Intrinsic membrane proteins are solvated by a shell of lipid molecules interacting with the membrane-penetrating surface of the protein; these lipid molecules are referred to as annular lipids. Lipid molecules are also found bound between transmembrane α-helices; these are referred to as non-annular lipids. Annular lipid binding constants depend on fatty acyl chain length, but the dependence is less than expected from models based on distortion of the lipid bilayer alone. This suggests that hydrophobic matching between a membrane protein and the surrounding lipid bilayer involves some distortion of the transmembrane α-helical bundle found in most membrane proteins, explaining the importance of bilayer thickness for membrane protein function. Annular lipid binding constants also depend on the structure of the polar headgroup region of the lipid, and hotspots for binding anionic lipids have been detected on some membrane proteins; binding of anionic lipid molecules to these hotspots can be functionally important. Binding of anionic lipids to non-annular sites on membrane proteins such as the potassium channel KcsA can also be important for function. It is argued that the packing preferences of the membrane-spanning α-helices in a membrane protein result in a structure that matches nicely with that of the surrounding lipid bilayer, so that lipid and protein can meet without either having to change very much.     

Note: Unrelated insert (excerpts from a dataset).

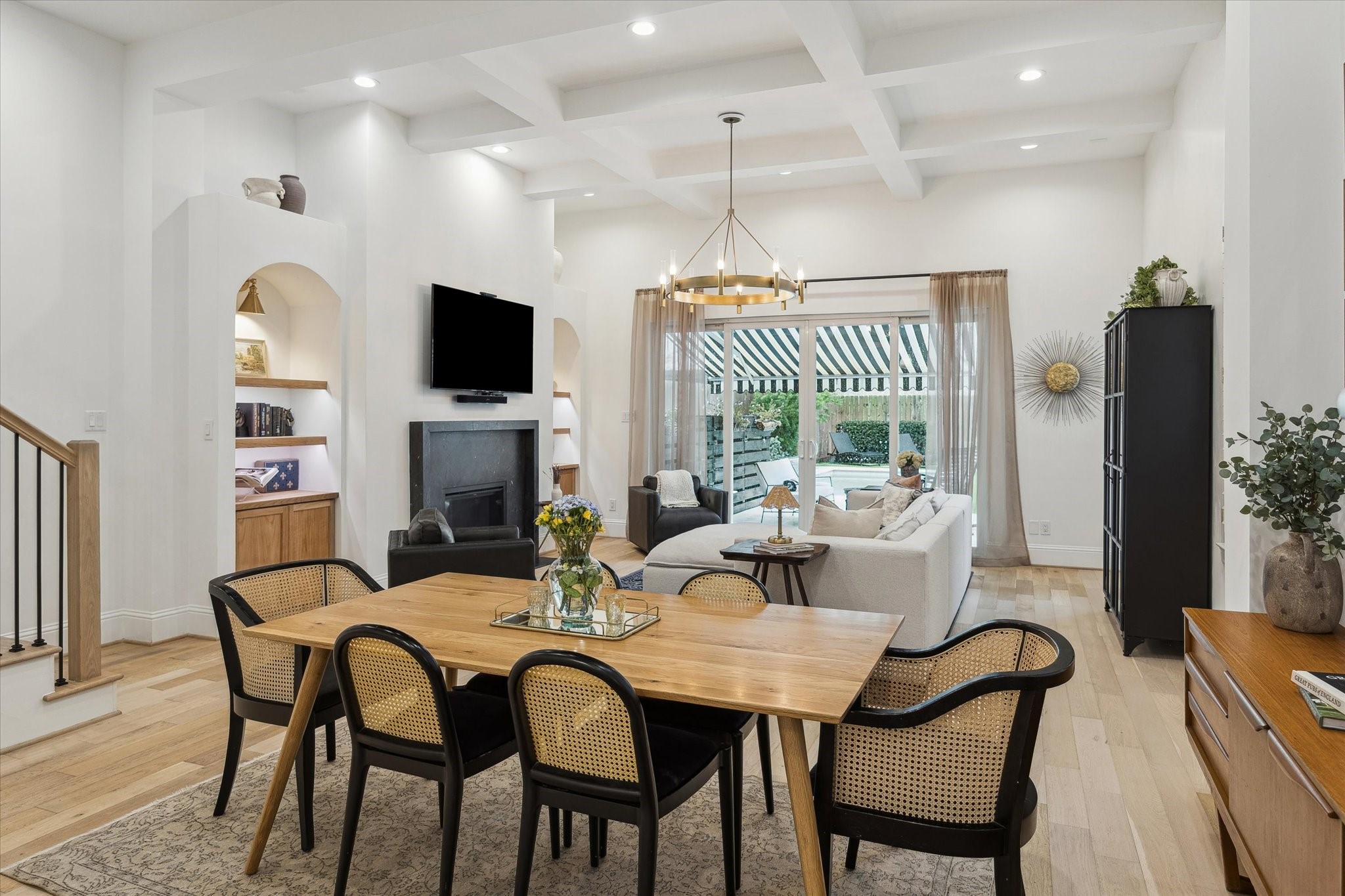 Coming Soon - Stunning 4 bed, 3.5 bath home with game room and outdoor entertaining paradise in an unbeatable Heights location. First floor- open living features 12 ft beamed ceilings, wide plank hardwoods & oversized french doors leading to custom landscaped backyard with pool, turfed yard and patio with automatic retractable awning. Light and bright chef's kitchen with quartz countertops, stainless appliances, walk-in pantry and ample storage. Adorable mud room space. Second floor-expansive primary suite features coffered ceilings, two closets and spa-like bath with soaking tub + shower. Two well-sized secondary beds share bath with tub/shower. Third floor with 20 x 14 game room , wet bar and 4th bedroom with ensuite bath. Two- car garage. Steps to the Hike and Bike, Hotel Daphne and numerous parks/restaurants. Modern and stylish with timeless appeal and a rare backyard oasis!
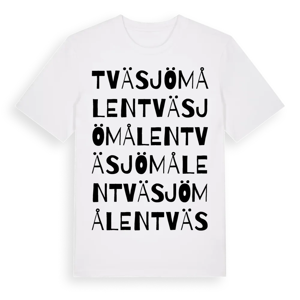 Tväsjömålen ordlek t-shirt är inspirerad av Tväsjömålen i Östergötlands län, Sverige. Tröjan är designad för dig som har en speciell koppling till platsen – oavsett om du bor här, har rötterna här eller bara älskar Tväsjömålen.
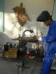 Le matériau de prédilection du sculpteur est le métal : acier, inox, fer, cuivre. Certaines œuvres atteignent plusieurs mètres[11]. L'artiste sculpte également le bois, la pierre, le sable et le verre. Il peut combiner les matériaux[12].
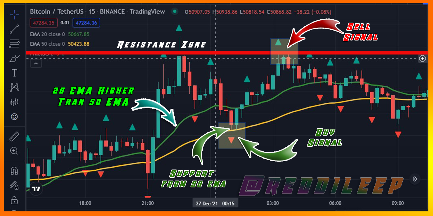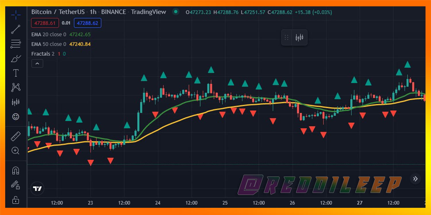 Finally, we can wait for a suitable entry point like the below screenshot. Here I have taken my entry point where the price movement got supported by 50 EMA and received signals to buy from Fractal Indicator.
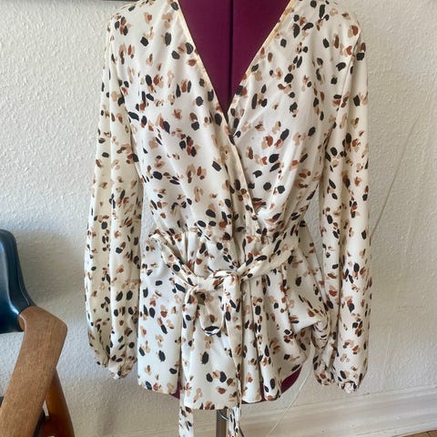 Trendyol grøn skjortebluse str. 40 (svarer til en str. 36-38). 100 % viskose. Brystomkreds 90 cm. Slanke, korte ærmer. (Brugt 2 gange).
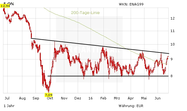 Am Donnerstag hat die Investmentbank Barclays neuen Schwung geliefert. Analyst Mark Lewis hat E.on von „Equal Weight“ auf „Overweight“ hochgestuft und das Kursziel von 8,80 auf 10,20 Euro angehoben. Die zuletzt deutlich gestiegenen Strompreise in Deutschland und die mittlerweile transparentere Bilanz von E.on dürften den Aktienkurs antreiben. Der Versorger sollte seinen Strategiewechsel nach dem Sommer abgeschlossen haben und vom positiveren Nachrichtenstrom in der zweiten Jahreshälfte profitieren.
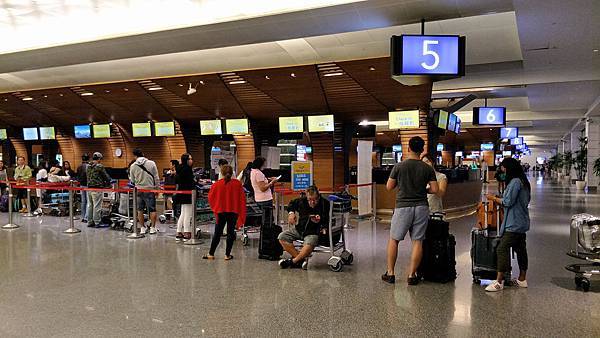 這時間出境的人潮雖然少,但海關人手也少,所以還是要排一下隊,雖然我們全家都辦了自動通關,但為了想多蓋個出境章,不想出關後再去公務櫃台補蓋章,還是寧可排一下等人工出關。
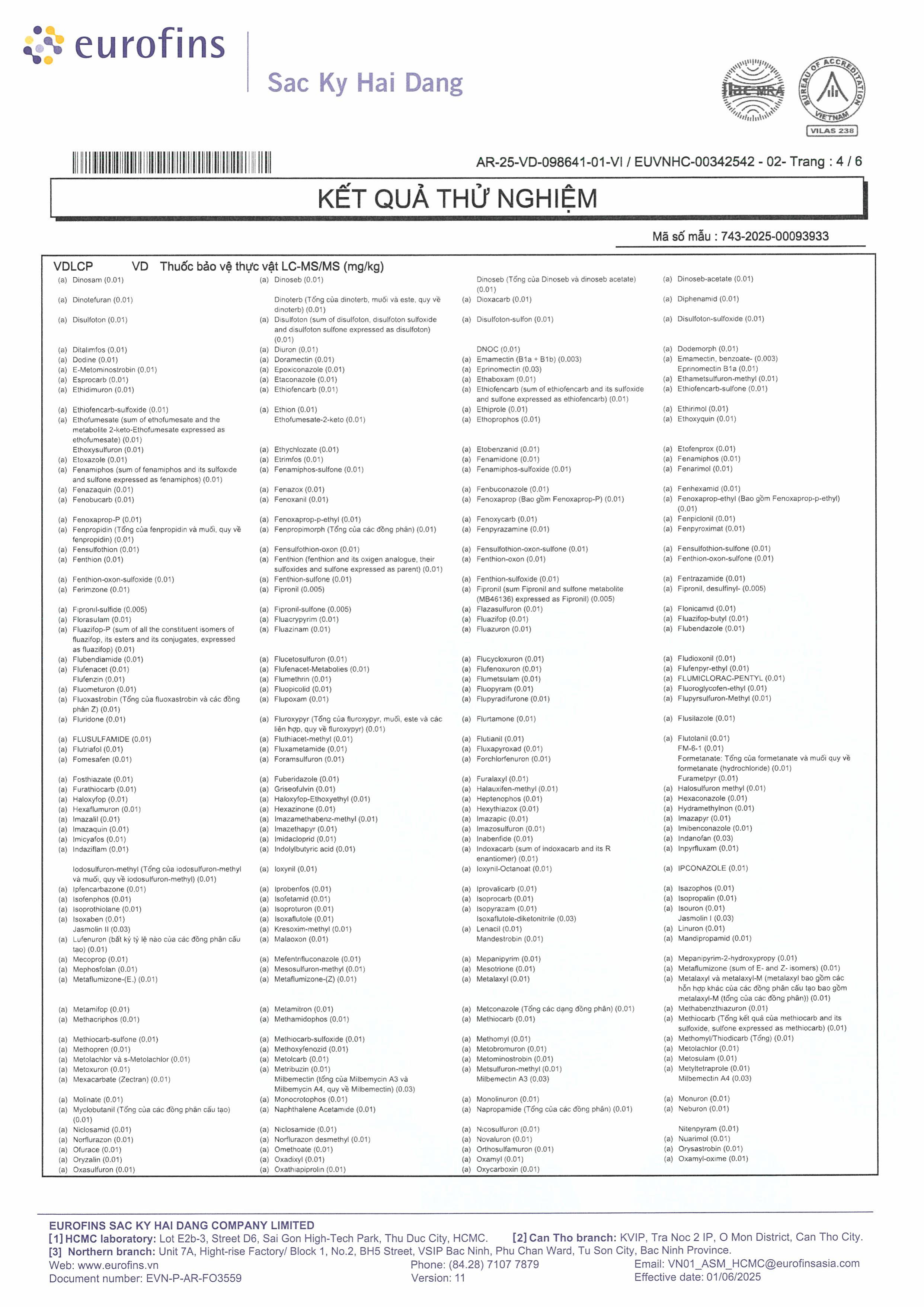- Đáp ứng các tiêu chuẩn về dư lượng thuốc bảo vệ thực vật, kim loại nặng và các chỉ tiêu an toàn thực phẩm khác của Liên minh Châu Âu (EU). (Kết quả thử nghiệm của Eurofin đính kèm)
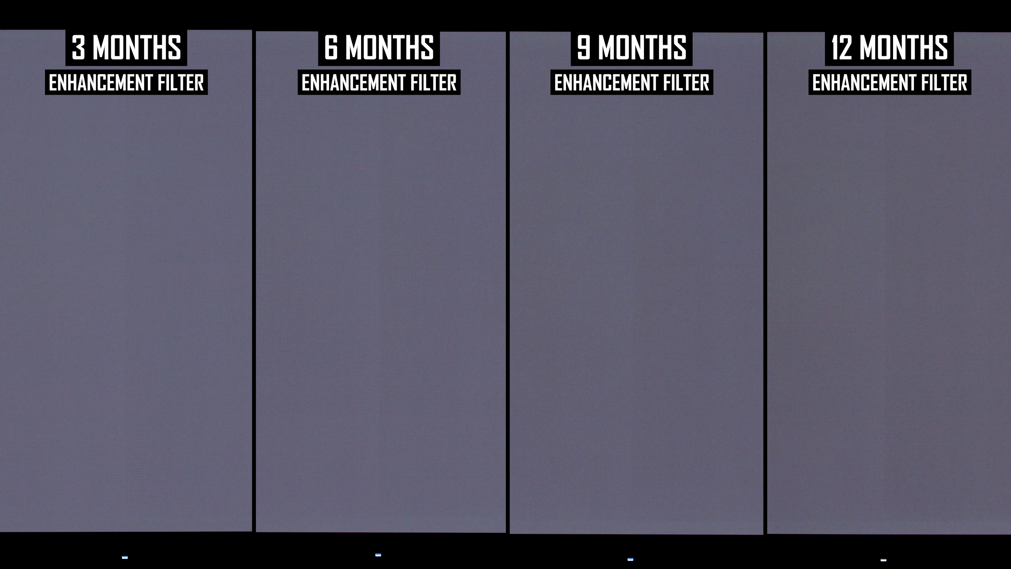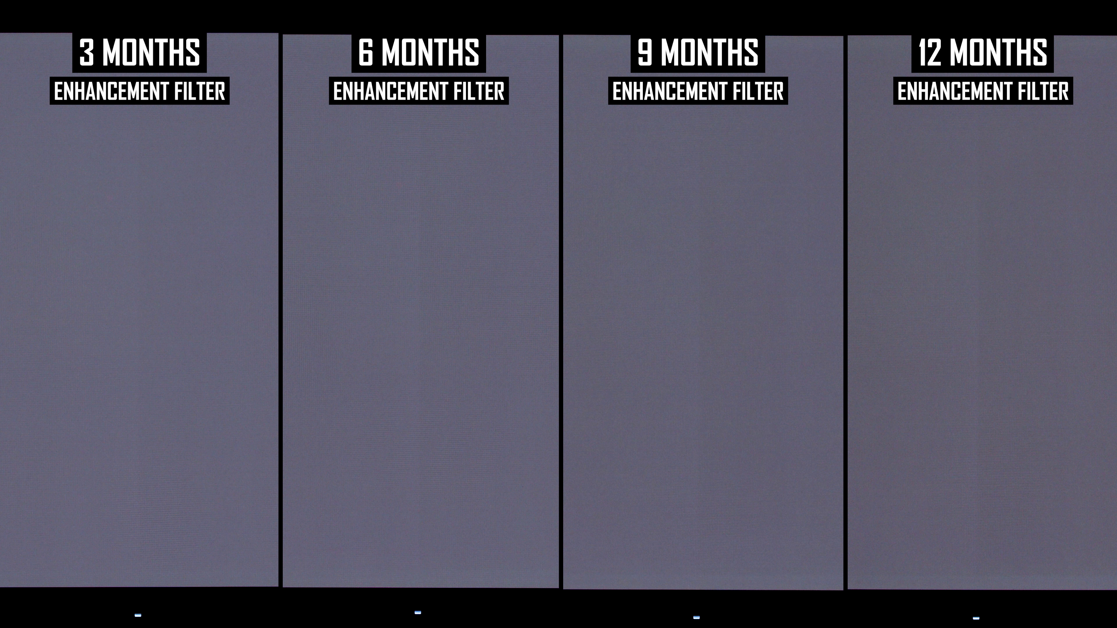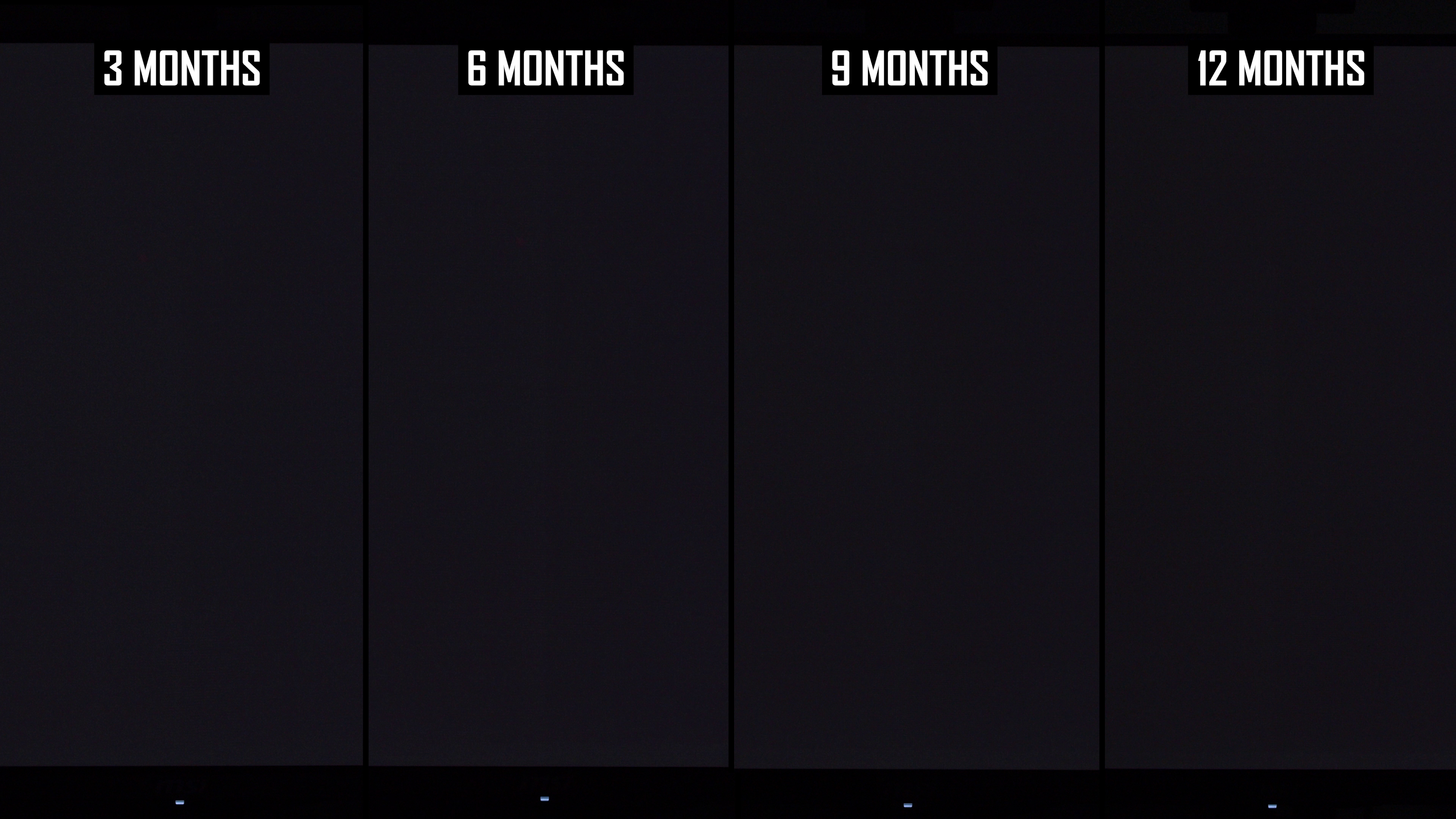 Rata recomandată pentru ciclurile de protecție a panoului este la fiecare patru ore, deci acesta este un test de stres deosebit de intens. Nu numai că panoul este utilizat într-un scenariu cel mai rău pentru conținut static, dar este de asemenea rulat la un nivel de luminozitate relativ ridicat, fără atenuare software pentru a minimiza arsura (cum ar fi punerea afișajului la somn după câteva minute de inactivitate) – În timp ce rulați ciclul de protecție a panoului pe jumătate cât de des recomandat.
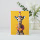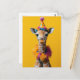 Eine charmante Babygiraffe, gekleidet für eine Feier, mit einem festlichen Party mit farbenfrohen Motiven und flauschigen Dekorationen. Die Giraffe ist ein flauschiges, buntes Federboa und steht vor einem hellgelben Hintergrund und schafft so eine fröhliche und skurrile Szene.
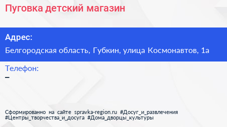 Пуговка, детский магазин по адресу Белгородская область, Губкин, улица Космонавтов, 1а в дальнейшем Организация, размещена в следующих категориях:
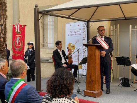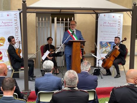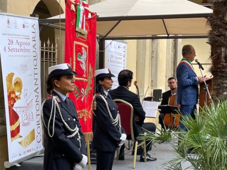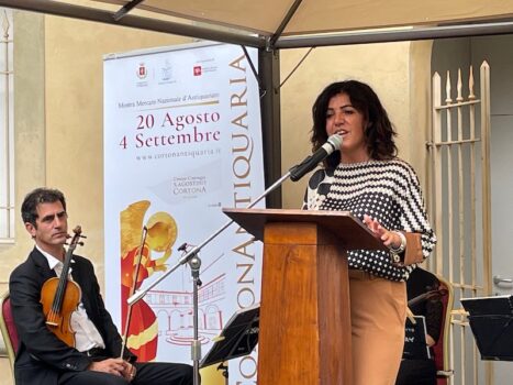 Al taglio del nastro di Cortonantiquaria 2022 è intervenuta, per il Governo, il sottosegretario al Lavoro e Politiche sociali Tiziana Nisini accolta dal sindaco di Cortona Luciano Meoni e dal vice sindaco e assessore alla Cultura e Turismo Francesco Attesti. Il saluto della Regione Toscana è stato portato dal vice presidente del Consiglio Regionale Marco Casucci, quello della Provincia di Arezzo dal vice presidente Nicola Carini, che è anche presidente del Consiglio comunale di Cortona. Tra i presenti il presidente della Camera di Commercio di Arezzo e Siena Massimo Guasconi, il presidente della Banca Popolare di Cortona Giulio Burbi e per Iureconsulti l’avvocato Emanuele Spina. Molto applaudita l’esibizione musicale della Cor Orchestra.
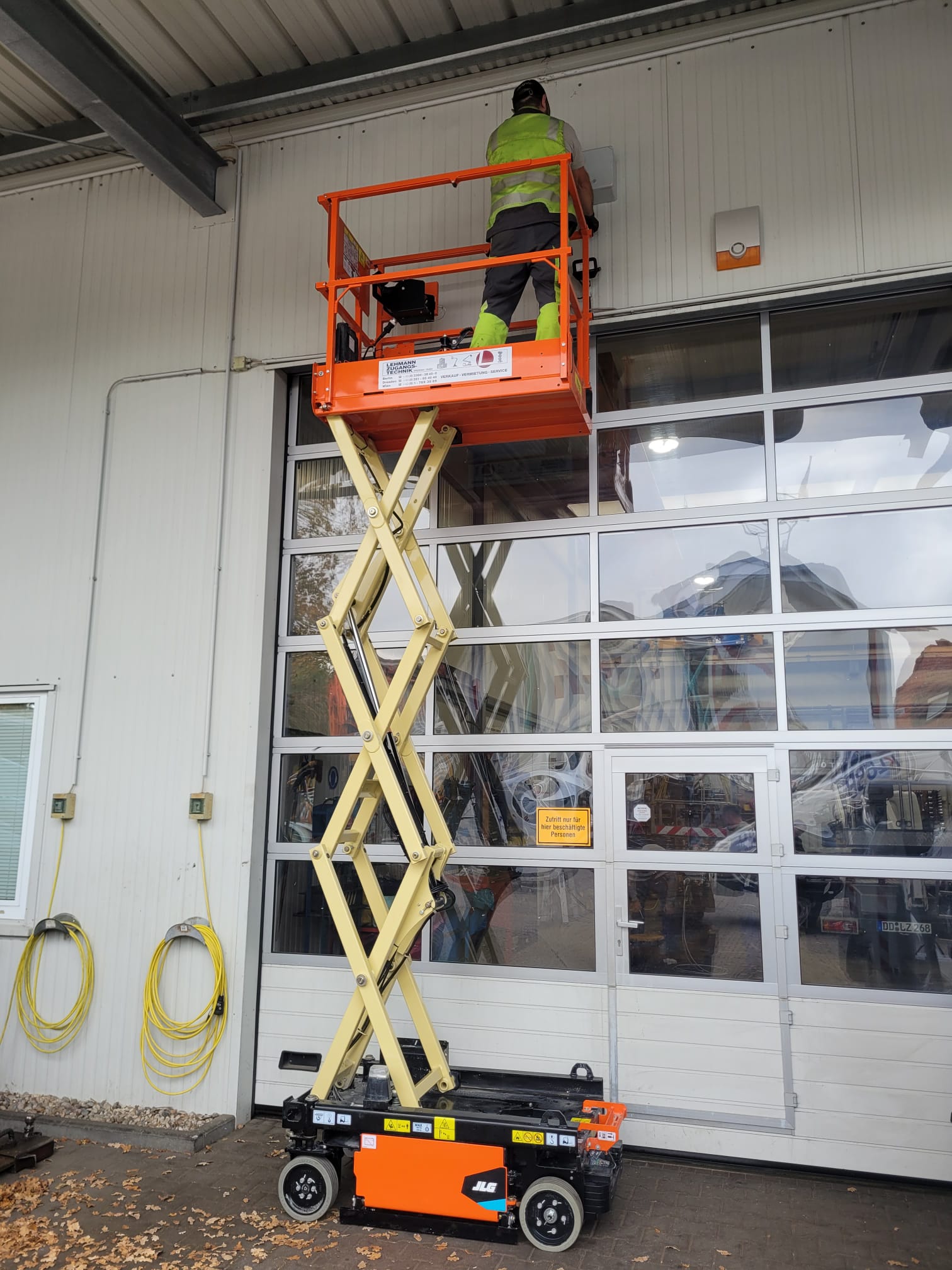 Arbeitshöhe 5.80 m Plattformhöhe 3.80 m Plattformgröße 0,75 x 1,30 m ( 1,85 inkl. Ausschub) Bühnentragkraft 227 kg Seitliche Reichweite 0,55 m ( Ausschub) Durchfahrthöhe 1,80 m Fahrzeugbreite 0,76 m Fahrzeuglänge 1.40 m Eigengewicht ca. 950 kg Antrieb elektrisch / Batterie Sonstiges äußerer Wenderadius 1.5 m, Bodenfreiheit 6 cm, Steigfähigkeit 25% Führerscheinklasse kein Führerschein erforderlich -
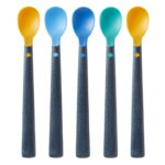 Az 5 darabos, divatos színû etetõkanalak közül a kisfiúk és kislányok is megtalálják a kedvencüket. Kifejezetten az elsõ igazi szilárd falatokhoz tervezve. A puha, rugalmas, lapos fej gyengéd a kis szájacskákhoz és az érzékeny ínyekhez, így nem okoznak kellemetlenséget, miközben a finom falatok célba érnek.

Lipid-protein interactions in biological membranes: a structural perspective

Lipid molecules bound to membrane proteins are resolved in some high-resolution structures of membrane proteins. An analysis of these structures provides a framework within which to analyse the nature of lipid-protein interactions within membranes. Membrane proteins are surrounded by a shell or annulus of lipid molecules, equivalent to the solvent layer surrounding a water-soluble protein. The lipid bilayer extends right up to the membrane protein, with a uniform thickness around the protein. The surface of a membrane protein contains many shallow grooves and protrusions to which the fatty acyl chains of the surrounding lipids conform to provide tight packing into the membrane. An individual lipid molecule will remain in the annular shell around a protein for only a short period of time. Binding to the annular shell shows relatively little structural specificity. As well as the annular lipid, there is evidence for other lipid molecules bound between the transmembrane α-helices of the protein; these lipids are referred to as non-annular lipids. The average thickness of the hydrophobic domain of a membrane protein is about 29 Å, with a few proteins having significantly smaller or greater thicknesses than the average. Hydrophobic mismatch between a membrane protein and the surrounding lipid bilayer generally leads to only small changes in membrane thickness. Possible adaptations in the protein to minimise mismatch include tilting of the helices and rotation of side chains at the ends of the helices. Packing of transmembrane α-helices is dependent on the chain length of the surrounding phospholipids. The function of membrane proteins is dependent on the thickness of the surrounding lipid bilayer, sometimes on the presence of specific, usually anionic, phospholipids, and sometimes on the phase of the phospholipid.